One such question was about the Boost Spirit parser library. I was told in my interview that GrammaTech was using Flex and Bison for lexing and parsing in source code analysis tools, and they asked me whether they should move to Spirit.
Now, the goal of Spirit is to allow a programmer to design and implement parsers in line in C++ code. More recently, the library has split into three pieces, calling the parser component Qi, and also adding a lexer called Lex, and a generator library for output of program information called Karma. This is a very interesting package that I enjoy programming with in various projects of my own. It is also powerful enough that it has been used to implement a full, standard compliant, and efficient C preprocessor, Wave, as well as many other libraries and programs that have proven useful around the world. In performance tests, it has produced binaries that perform as well as or better than those produced by other parser construction tools, and even hand-tuned code.
Given my background and already-professed liking for the library, you might think that you would know my answer.
I replied with a question. I asked my interviewer whether the Flex/Bison tool chain was meeting their needs, and whether they foresaw needs in the future where Flex/Bison would become an impediment. (At this point in the interview, the mood of the person I was talking to brightened considerably.)

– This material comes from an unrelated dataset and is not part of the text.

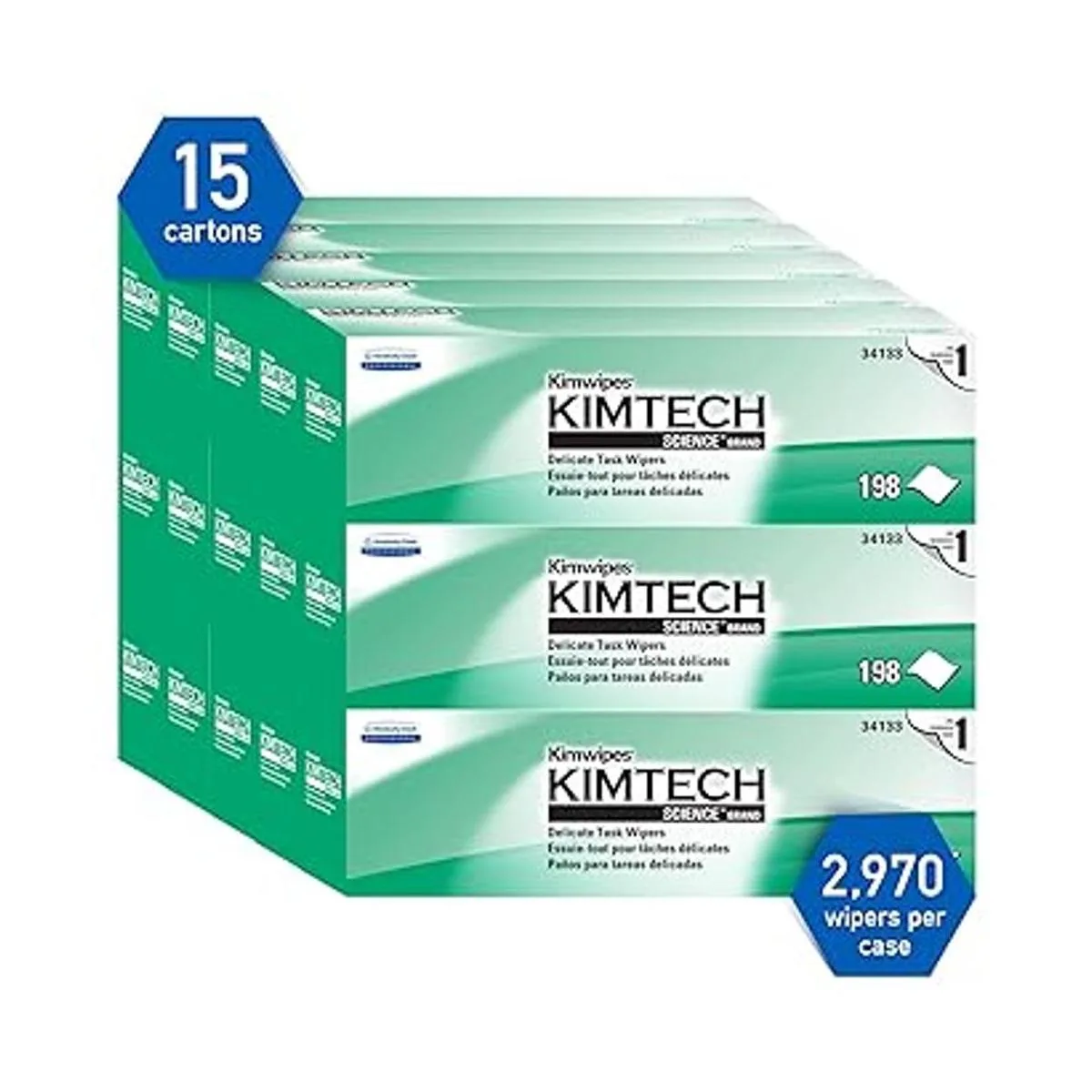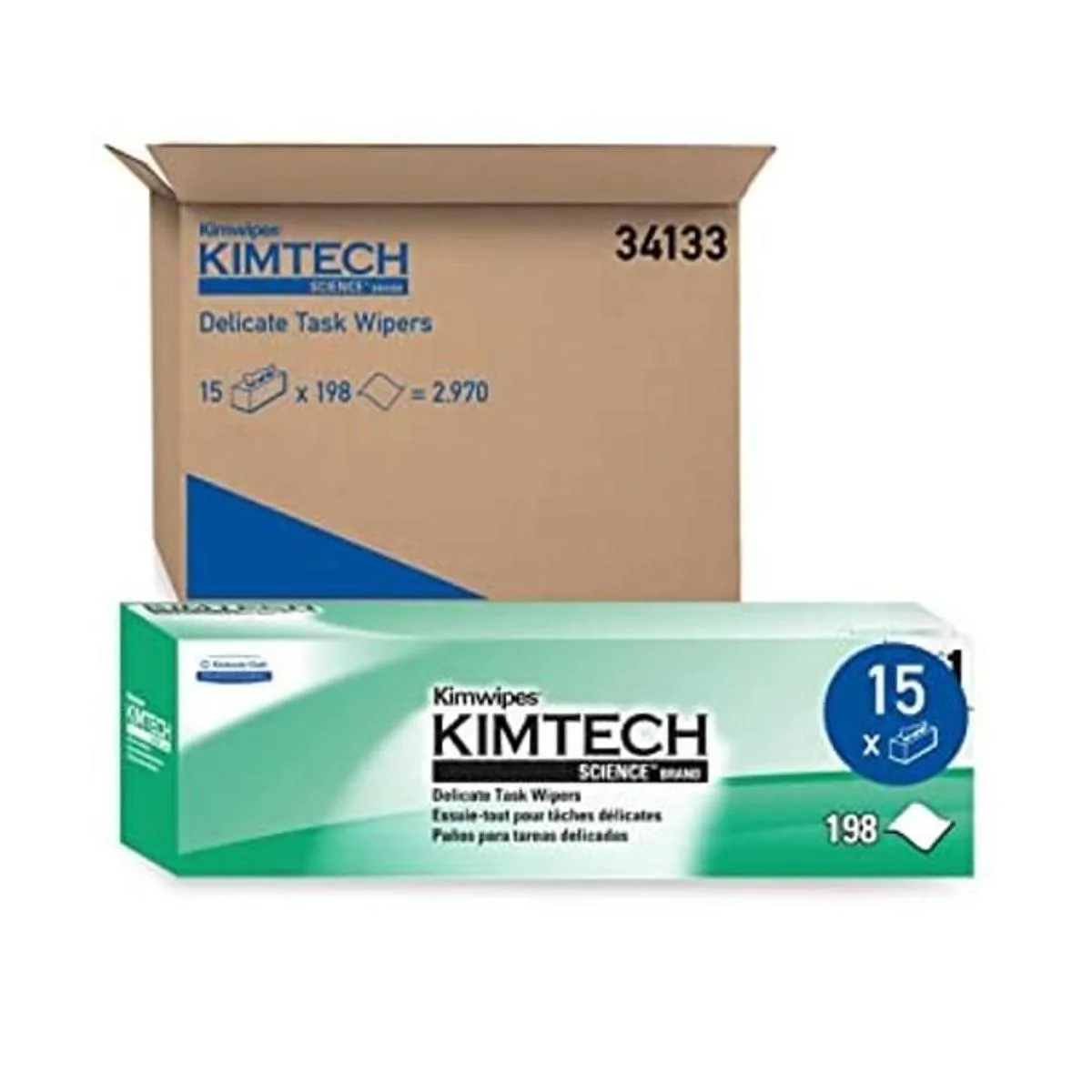 Kimwipes Delicate Task Limpiadores científicos Kimtech 34133, Blancas, 1 Hoja, 15 cajas con ranura Caja, 196 Hojas Caja, 2,940 Hojas Cartón

The Peril of Expanding Dependencies
Why not suggest moving to a library I like, that provides a combination of features and performance that is different from other available options and in at least some cases preferable? It’s all about the dependencies.
People outside the software realm often think of a program or service as a single monolithic entity. The program is written, from bare Earth, by the developers and delivered to the customer. Of course, that is almost never true. For example, the Chromium browser I’m using on my computer has a large tree of dependencies (Chromium Dependencies). This isn’t just Chromium — Firefox has its own vast web of dependencies.
Almost every package of commercial or open source software has extensive dependencies.
The arguments for why to do this are well known, and although there are some who argue against this style of development, it is largely the standard in the industry. Using an already developed, widely used, and thoroughly tested library is a savings in many cases. As long as the library is close enough to the needs of the package being developed, flexible enough that any differences can be worked around readily, and actively maintained, using a library or package that comes from outside the project reduces design time, implementation time, and maintenance burden.
The important point is that bringing in a library or external package for a good reason reduces these costs. It does not eliminate them. There are costs for finding the library, testing it, developing engineering skill in using it, and developing interfaces that will allow for clear separation of library concerns from the concerns of the package being developed. Replacing an existing external library or package with a new one has increased testing and implementation burdens, since the new library needs to be at least as good as the old one was on many inputs. There is also an existing interface that may not be well suited to the new library and require modification. Such modification can sometimes stretch through vast reaches of the code base.
In the context of the interview question: I like and understand Spirit, but that doesn’t mean anyone else at the company does. If I want to add Spirit to our tool set and make it a dependency for existing code, I have to justify the involved costs. If I can’t justify the costs, I shouldn’t make the change.
A partial view of the dependencies for the Debian Firefox browser package. No transitive dependencies are included. Generated using the cxnet package of graph building functions for python.
If it ain’t Broke
This is the problem with the latest and greatest. It may be better than what is in the project at the moment, but is it enough better?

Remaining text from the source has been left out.